Un climat local fait de multiples complaisances, d’autocensures de toutes sortes, et du Tout-Subvention érigé comme arme de gouvernement.

– Silence de toute la gauche militante dévouée à la défense des libertés civiles et personnelles, des différentes unions syndicales, des groupes de défense des droits de l’homme, des associations d’éducation populaire et de quartiers.

– Silence des innombrables organismes locaux dédiés à la défense et à l’illustration du lien social : maisons des sciences humaines, maisons de l’homme et du citoyen, chaires d’étude du mouvement ouvrier, laboratoires de sociologie, de psychologie sociale, d’histoire locale, de philosophie politique, experts en altermondialisme, en antiracisme ou en économie sociale et solidaire.

– Silence de la gauche de la gauche, (dont les leaders, y compris les trotskistes, avaient pourtant promis de présenter une alternative globale intègre après le « Non » européen), comme si finalement ils n’étaient pas si indépendants que cela, ni si attachés au respect des libertés élémentaires.

– Silence des gens de robe, des juristes, avocats et procureurs, puisqu’apparemment personne ne s’est avisé qu’un questionnaire méthodique introduit par une notification du « numéro » de chaque bureau de vote pourrait contrevenir éventuellement à la loi « Informatique et Liberté », ou même se croiser facilement avec tout autre listing comme les fichiers des électeurs, des contribuables, des ayant-droits sociaux ou des usagers de services publics locaux.

– Silence du monde artistique et culturel, qui doit pourtant nous interpeller pour bousculer nos conforts, nos lâchetés et nos regards ordinaires.

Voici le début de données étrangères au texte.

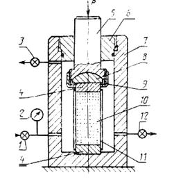 стандарта преследуется по закону Настоящий стандарт распространяется на твердые горные породы с пределом прочности при одноосном сжатии не менее 1 МПа и устанавливает метод определения предела их прочности при объемном сжатии цилиндрических или призматических образцов. Метод предназначен для испытаний аналогичных по характеристикам или одинаковых объектов (породных образцов) проводимых для определения их характеристик при расчетах и проектировании горных работ, оборудования, проведении научно-исследовательских работ, а также для сравнения и оценки методов испытаний. Стандарт не распространяется на мерзлые горные породы. Сущность метода заключается в измерении разрушающей сжимающей силы, приложенной к торцам образца через стальные плоские плиты при боковом сжатии его гидростатическим давлением. 1. МЕТОД ОТБОРА ПРОБОтбор проб - по ГОСТ 21153.0-75 со следующими дополнениями: размеры и объем проб должны обеспечивать изготовление образцов необходимого размера и количества, указанного в п.п. 3.4 и 3.8; допускается взамен парафинирования производить консервацию проб негигроскопических пород битумированной бумагой по ГОСТ 515-77, полиэтиленовой пленкой по ГОСТ 10354-82 или другими водонепроницаемыми материалами, не вступающими во взаимодействие с горными породами; при отборе проб дополнительно отбирают несколько кусков породы общей массой не менее 200 г для определения влажности пробы; куски дробят и сразу же помещают в бюксы, которые для надежной герметизации обматывают клейкой лентой. Определение влажности - по ГОСТ 5180-84. 2. ОБОРУДОВАНИЕ, ИНСТРУМЕНТЫ И МАТЕРИАЛЫДля проведения испытаний применяют оборудование, инструменты и материалы по ГОСТ 21153.0-75 со следующими дополнениями: станки обдирочно-шлифовальный любой конструкции с плоским чугунным диском, плоскошлифовальный и токарный - для подготовки образцов; машины испытательные или прессы, отвечающие требованиям ГОСТ 8905-82 и ГОСТ 9753-81, максимальное усилие которых не менее чем на 20 % превышает предельную нагрузку на образец; насос гидравлический любой конструкции, максимальное рабочее давление которого не менее чем на 20 % превышает предельное значение гидростатического давления на боковую поверхность образца; камеру объемного сжатия, изображенную на черт. 1 или любой другой конструкции для размещения в ней образца и создания гидростатического давления на его боковые поверхности, обеспечивающую по ГОСТ 21153.2-84 соосное приложение осевой нагрузки к образцу (отклонение от соосности не более 0,5 мм) через стальные плиты; манометры образцовые по ГОСТ 6521-72; угольник слесарный по ГОСТ 3749-77; материал изоляционный (резина трубчатая по ГОСТ 4750-79, клей, образующий при высыхании эластичную и прочную пленку, устойчивую к воздействию рабочей жидкости, например, "Момент-1" и по ТУ 6-15-1268-80 и т.п.) - для предохранения образца от проникновения в его поры рабочей жидкости; рабочую жидкость (любые технические масла, глицерин и др.); шлифпорошок № 12-8 по ГОСТ 3647-80 - для доводки поверхности торцов образцов.

Mais il est vrai que la précarité artistique est désormais telle qu’on ne s’y soumet plus seulement pour conserver une subvention ou une situation, mais souvent dans l’espoir incertain d’en obtenir une.

– Silence enfin de la liaison médiatique vitale entre Nantes et Paris (qui n’en est d’ailleurs pas à sa première défaillance depuis vingt ans. Que font les correspondants locaux ?). Silence stratégique, celui-ci. Car que se serait-il passé si, à cause d’une seule dépêche d’agence ou d’un écho dans « Le Canard Enchaîné », dans « Le Monde », ou dans « Libération », il s’en serait suivi un mini-emballement médiatique parisien qui aurait ruiné l’aura nationale de l’ « effet Côte Ouest » ?

En conclusion provisoire, ceci ne nous empêchera pas de rester de gauche, encore admirateurs du grand Jaurès, de Mendès-France, de Jean Moulin, de Lucie Aubrac, de Berty Albrecht et de l’anarcho-syndicaliste Fernand Pelloutier, des ouvriers de Lip, des paysans du Larzac, des antinucléaires de Plogoff et du Péllerin. Mais eux, ces authentiques acteurs de la démocratie, qu’auraient-ils dit, qu’auraient-ils fait, s’ils avaient été Nantais en l’an 2007 ? Que cet épisode nous invite à être plus vigilants.

Luc Douillard et Franck Liaigre, professeurs, Nantes.